Guterres "condemns all acts of violence and urges all parties and the media to refrain from disinformation, hate speech and incitement" to violence, he said.

Pupils and students in the tiny, landlocked nation formerly known as Swaziland have been protesting for a number of weeks, boycotting lessons and calling for free schooling, as well as an end to the regime under King Mswati III.

Authorities said Saturday schools had been shut indefinitely, a day after the country shut down the internet for two hours as pro-democracy marchers headed to the capital.

At least 28 people have died as police clashed with protesters in some of the worst unrest in the southern African country's history. The latest fatality came on Wednesday.
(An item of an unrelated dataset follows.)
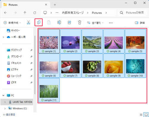 すべてのファイルを選択し、コマンドバーから「」(コピー)をクリックします。
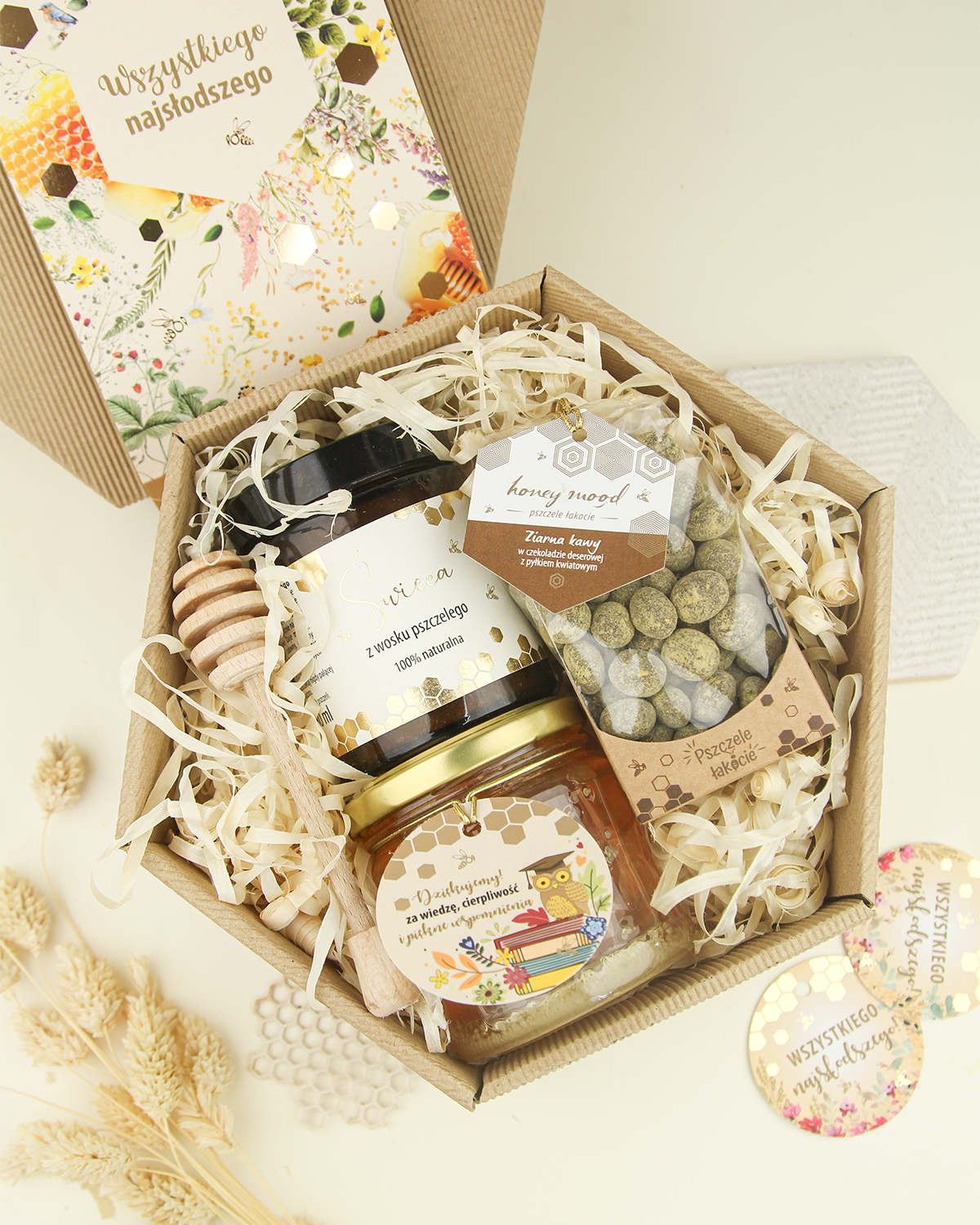 Naturalne produkty pszczele – miód, świece z wosku pszczelego czy gotowe zestawy prezentowe – to piękny i symboliczny sposób, by wyrazić wdzięczność, miłość i szacunek.

Unions, opposition parties, student groups and private commuter bus operators have all joined the latest protests over the past two weeks.

Public transport was also at a standstill over the weekend.

King Mswati III has ruled Eswatini since 1986 and owns shares in all of the country's telecoms.

He is criticized for living a lavish lifestyle in one of the world's poorest countries and is also accused of stifling political parties.

The king has accused demonstrators of depriving children of their education by taking part in the protests.